True bluegrass lovers will tell you there’s a distinct difference between their music and country. Venues and bands that adhere to the roots of bluegrass allow only acoustic instruments, Caulder said. A typical bluegrass band will include guitars, a banjo or two, a mandolin, an upright bass and a fiddle, in the style of the father of bluegrass, Bill Monroe. Monroe and his band, The Blue Grass Boys, started jamming together in Kentucky, the Bluegrass State, back in 1939, at the end of the Great Depression. Through the years and with the influence of other musical styles, bluegrass has evolved, but true bluegrass musicians remain true to their heritage. And they’re like one big, jolly family.

One of the largest groups gathers at Clyde Maness’ Pottery and Music Barn off N.C. 24-27 outside Carthage. On a typical Tuesday night, 200 to 300 fans show up to listen and dance to the sounds of dozens of musicians. Bluegrass players take the stage or gather as impromptu duets or quartets in a corner here or there.

“Some come from Virginia or South Carolina,” Maness said, “but about 90 percent come from around 100 miles or less.”

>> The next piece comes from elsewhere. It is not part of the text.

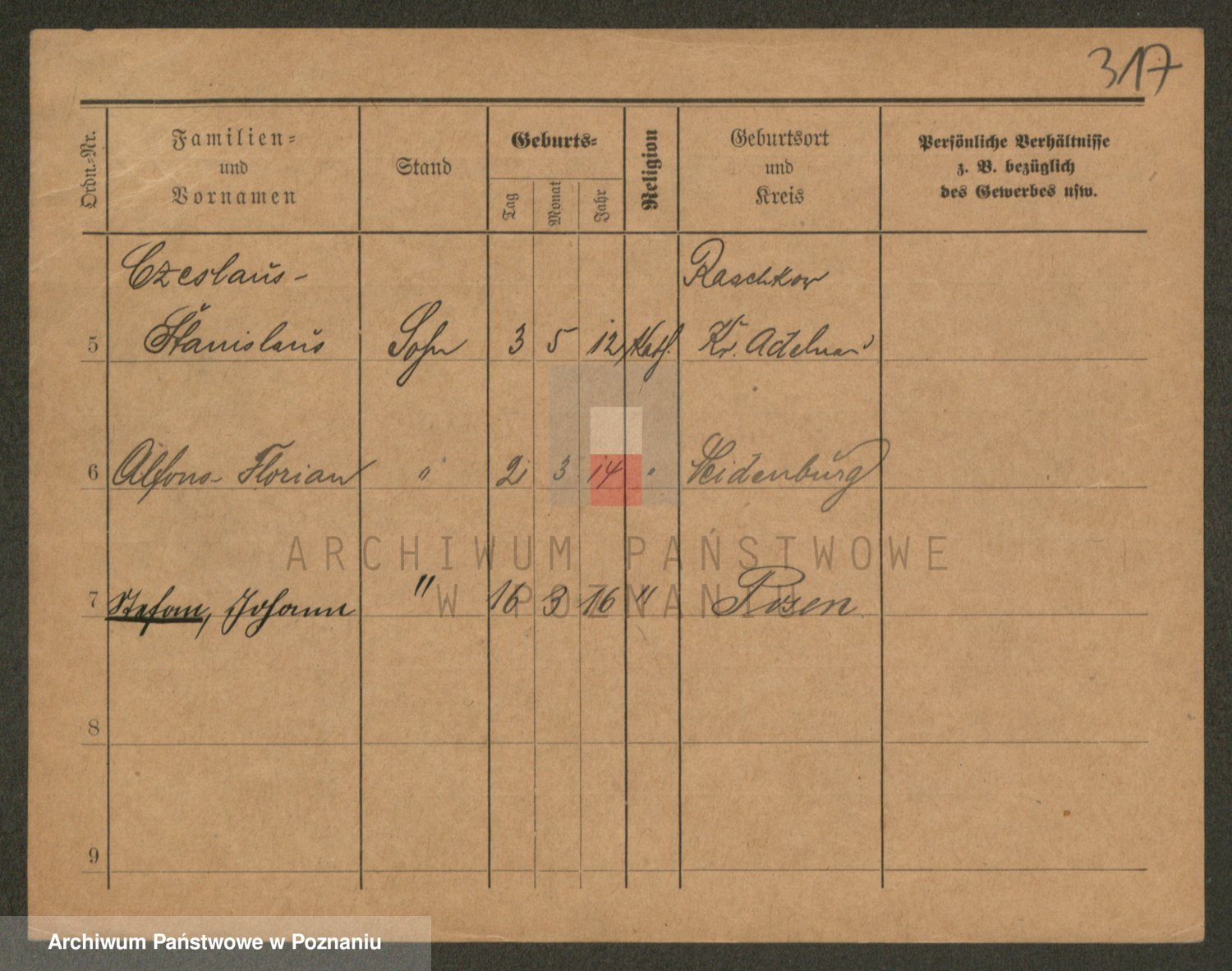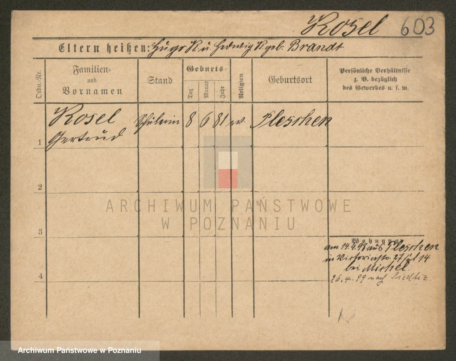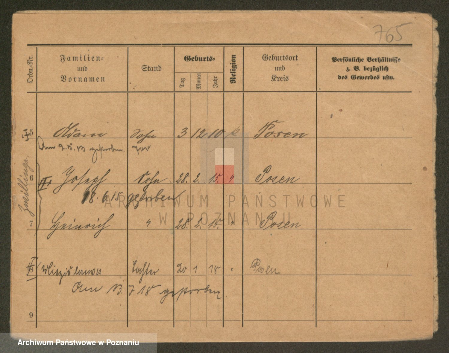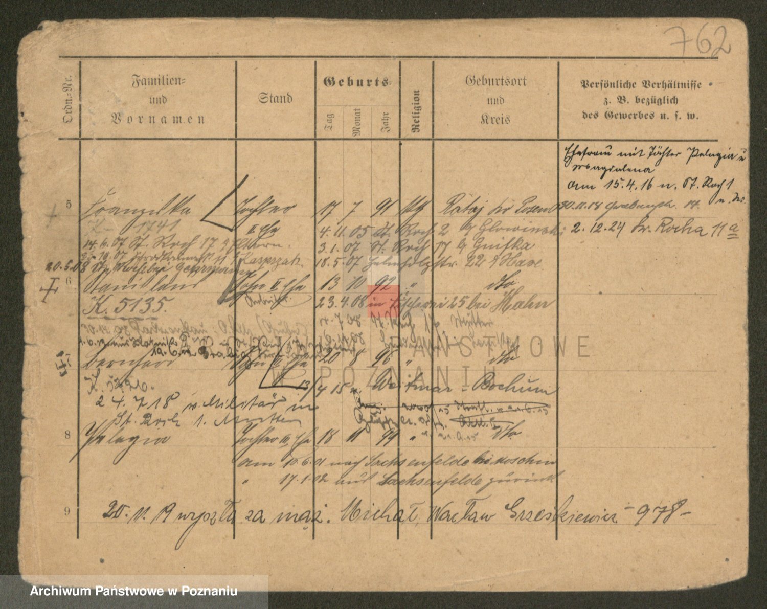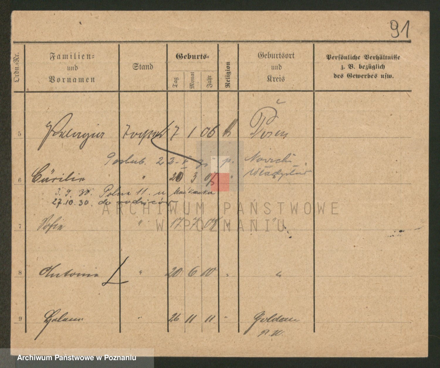 Podgląd karty osobowej dostępny jest po kliknięciu na nazwisko lub ikonkę karty. Można dokonywać powiększenia (ikony na górze) lub przechodzić między kolejnymi skanami (strzałki po bokach).

Betty Moore was there from her home in Carolina Lakes, off N.C. 87 between Fayetteville and Sanford. Her niece, Patsy Flynn, and her 11-year-old grandson, Colby Patterson, accompanied her.

Betty, wearing glitter on her face to match her outfit, eagerly watched the stage, where a band of five known as Fine Blue Line was cranking out some vibrant tunes. She was waiting for her favorite singer, Lewis Beasley, to take the microphone.

“He has a beautiful voice,” she said of the heavyset man holding a doghouse bass that was bigger than him. “Wait till you hear Lewis. He’ll sing a blues song to a bluegrass tune.”

Betty, impatient to hear her man sing, sent her niece up to request a song.

“You get me in more trouble,” Patsy replied. But away she went.

“You just wait till you hear him sing,” Betty said again. The next song began.

“That’s not it,” she said.

Then it was, and Lewis held his lips close to the microphone and sang sweetly, “I’d love to wake up in your arms tomorrow, but I’m so afraid of losing you again.” It was about enough to make Betty swoon.

Across the room, a few dancers were shuffling their feet in a corner of the room. Out in front, away from the main stage, small groups of musicians stood about, playing or singing.

Eleven-year-old Autumn Boger, in a pink T-shirt and sneakers, was leaning against a chair and belting out an old gospel tune, “Will the Circle Be Unbroken,” to the accompaniment of a couple of guitars. Autumn has loved bluegrass all her life and is already proficient on the guitar, mandolin, fiddle, ukulele, bass fiddle and tub bass, which is just what it sounds like, an overturned tin washtub with a wooden post and a string sticking up from it. Her daddy, Richard Boger, enjoys her music as much as she does and is a musician himself.

He said he always wanted a woman who could sing with him – and he found her in Autumn.

For those who enjoy bluegrass, it’s something akin to true love that might best be described in the love songs of old. It’s a heart-warming affair that makes them smile and brings a fire to their bellies and makes life a bit more fun, a great bit sweeter.

And don’t you know, there’s passion there, too.

“It’s good to have a passion,” Caulder said, “that’s enjoyable, that feeds your spirit and motivates you, that keeps you positive and gives you something to look forward to.”